WORK ORDER. Output the full listing below exactly as it reads, and skip anything that is a picture.

====== STORED DATA

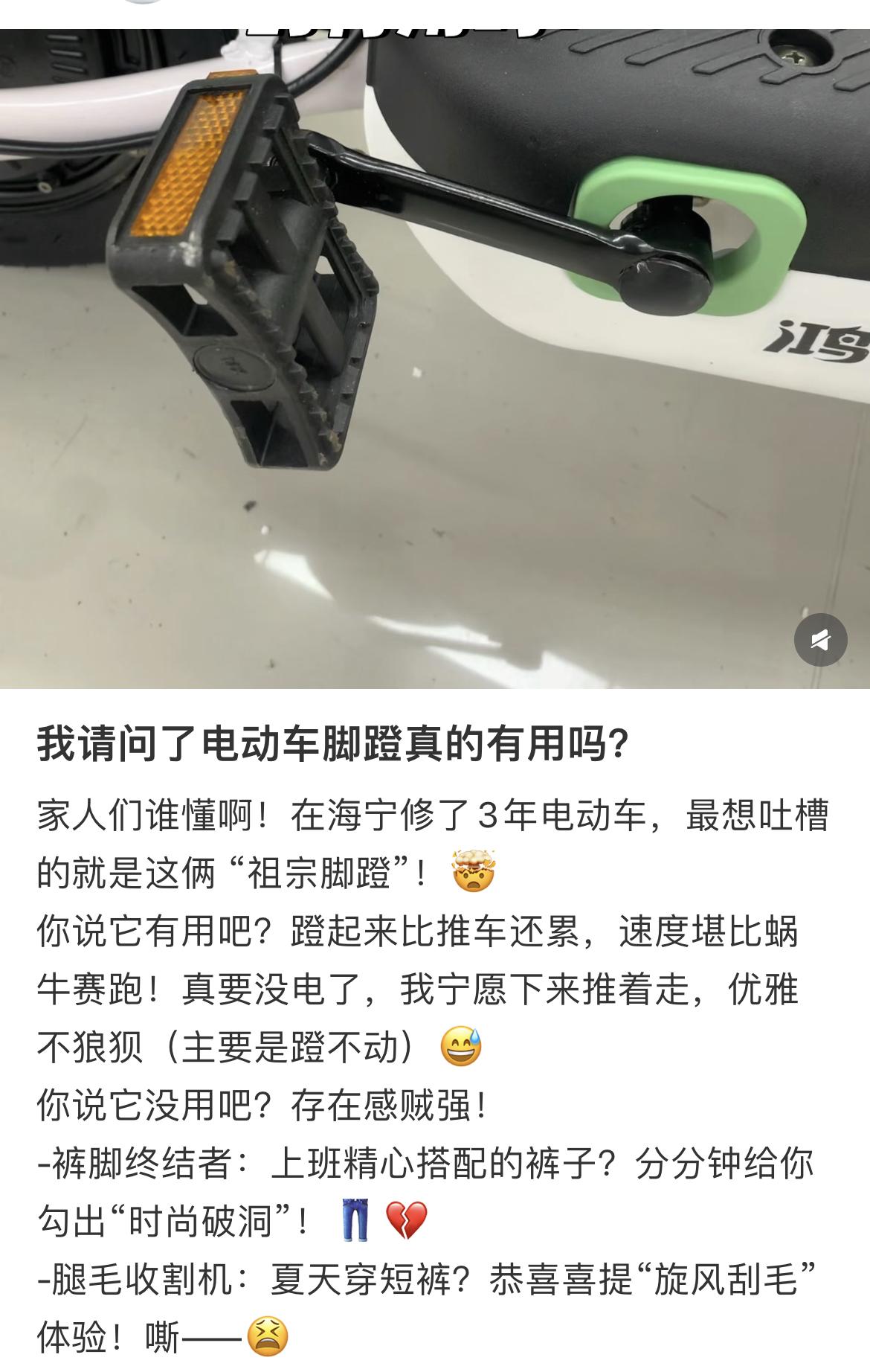 而且腳踏板位置還特別高,腳踩在上面全程懸空,沒法自然放平,完全不符合人體工學,本來腳踏板是爲了讓騎行更舒服,結果設計得還不如沒有,純粹是爲了湊合規造型,實用性差到極致。
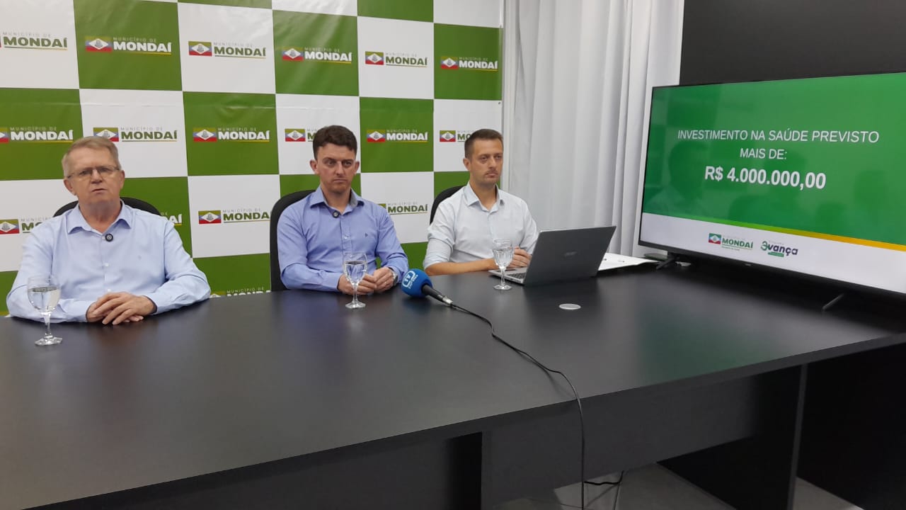 O município de Mondaí realizou na manhã desta terça-feira, 09 de setembro, uma coletiva de imprensa para apresentar dados do programa Avança Mondaí na área da saúde. A apresentação contou com a participação do prefeito Elizandro Mainardi, do vice-prefeito Guinter Dreher e do secretário de Saúde, Jullian Ludke.
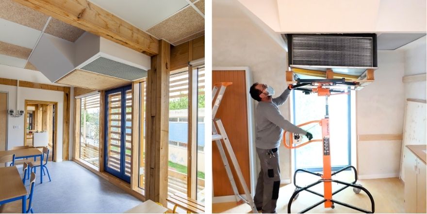 Préchauffage 2 : l’air neuf circule dans le plenum de faux-plafond (donc au-dessus des panneaux rayonnants) avant d’arriver dans les salles de classe.
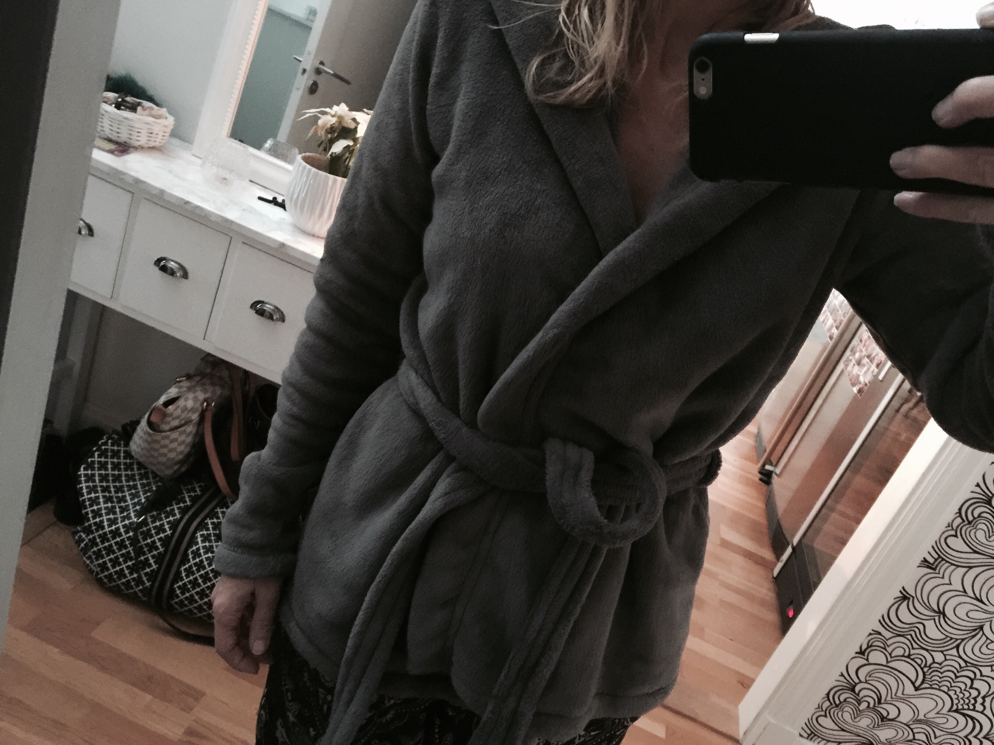 Eftersom jag inte tänker visa mig utanför dörren i dag går jag runt i min absolut fulaste men skönaste tröja. Nån slags blandning mellan kofta, fleece och morgonrock? Ser lika bred ut som lång i den men skönare finns inte! Bilden gör den inte rättvisa hur illa den sitter. Heheh.

============

EXERCISE SOLUTION.
 而且腳踏板位置還特別高,腳踩在上面全程懸空,沒法自然放平,完全不符合人體工學,本來腳踏板是爲了讓騎行更舒服,結果設計得還不如沒有,純粹是爲了湊合規造型,實用性差到極致。
 O município de Mondaí realizou na manhã desta terça-feira, 09 de setembro, uma coletiva de imprensa para apresentar dados do programa Avança Mondaí na área da saúde. A apresentação contou com a participação do prefeito Elizandro Mainardi, do vice-prefeito Guinter Dreher e do secretário de Saúde, Jullian Ludke.
 Préchauffage 2 : l’air neuf circule dans le plenum de faux-plafond (donc au-dessus des panneaux rayonnants) avant d’arriver dans les salles de classe.
 Eftersom jag inte tänker visa mig utanför dörren i dag går jag runt i min absolut fulaste men skönaste tröja. Nån slags blandning mellan kofta, fleece och morgonrock? Ser lika bred ut som lång i den men skönare finns inte! Bilden gör den inte rättvisa hur illa den sitter. Heheh.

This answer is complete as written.